◆ ASSIGNMENT ◆
Apart from the images, reproduce all of the data word for word.

◆ DATASET EXTRACT ◆
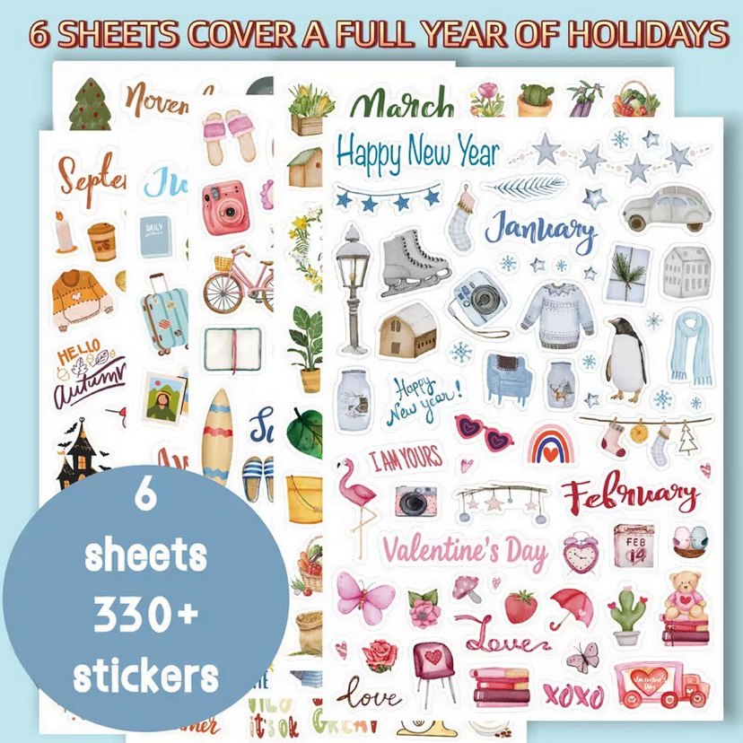 Planner, ajanda, bullet journal ve defter süslemeyi sevenler için tam yıl temalı sticker seti ✨ İçerik: Toplam 6 yaprak 330+ adet sticker Ocak–Aralık tüm aylar Sevgililer Günü, Anneler Günü, Babalar Günü, yılbaşı, sonbahar, yaz tatili, okul temaları Stil: Pastel & watercolor çizimler Mevsimlere ve özel günlere uygun illüstrasyonlar Ajanda, planner, defter, scrapbooking için ideal
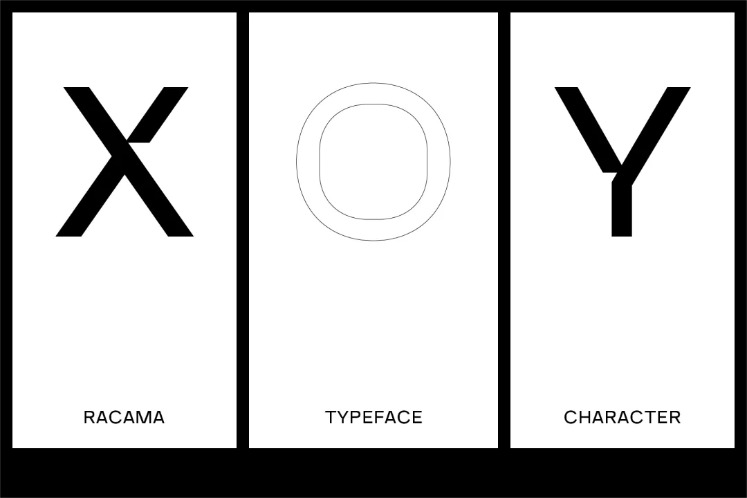 圓方的O帶有一點(diǎn)機(jī)械感和科技感,同時(shí) Racama 在一些斜向的筆畫做了一些切口的處理,使其看起來很有個(gè)性;
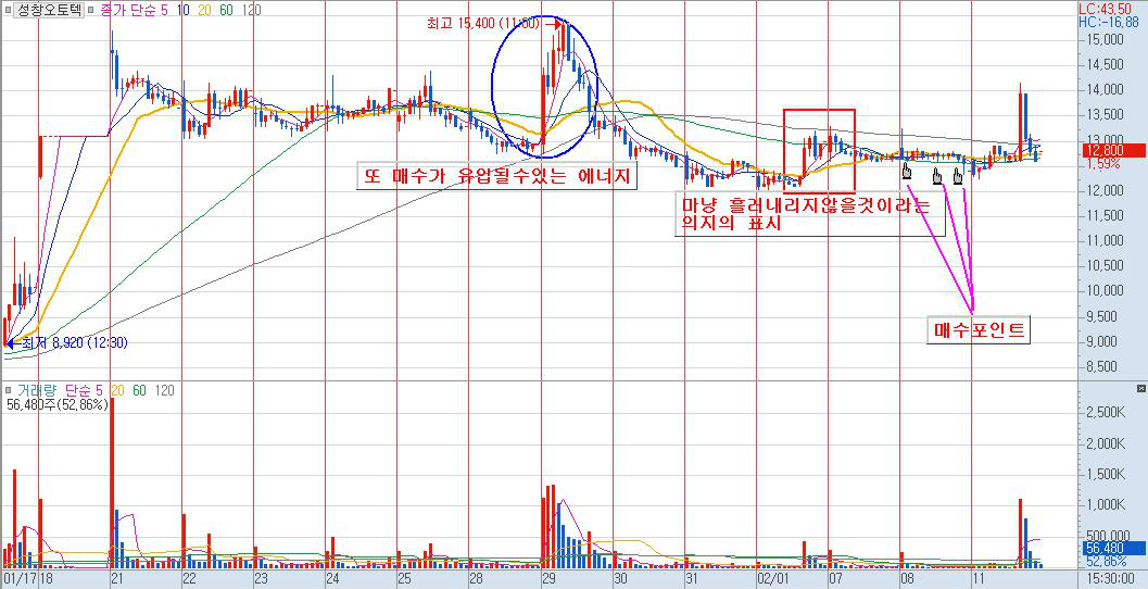 결국 매수세의 개입이나 주매수주체의 의지가 무엇인지를 파악해야 되는데 그럴때 주가의 반응을

◆ TASK SOLUTION ◆
 Planner, ajanda, bullet journal ve defter süslemeyi sevenler için tam yıl temalı sticker seti ✨ İçerik: Toplam 6 yaprak 330+ adet sticker Ocak–Aralık tüm aylar Sevgililer Günü, Anneler Günü, Babalar Günü, yılbaşı, sonbahar, yaz tatili, okul temaları Stil: Pastel & watercolor çizimler Mevsimlere ve özel günlere uygun illüstrasyonlar Ajanda, planner, defter, scrapbooking için ideal
 圓方的O帶有一點(diǎn)機(jī)械感和科技感,同時(shí) Racama 在一些斜向的筆畫做了一些切口的處理,使其看起來很有個(gè)性;
 결국 매수세의 개입이나 주매수주체의 의지가 무엇인지를 파악해야 되는데 그럴때 주가의 반응을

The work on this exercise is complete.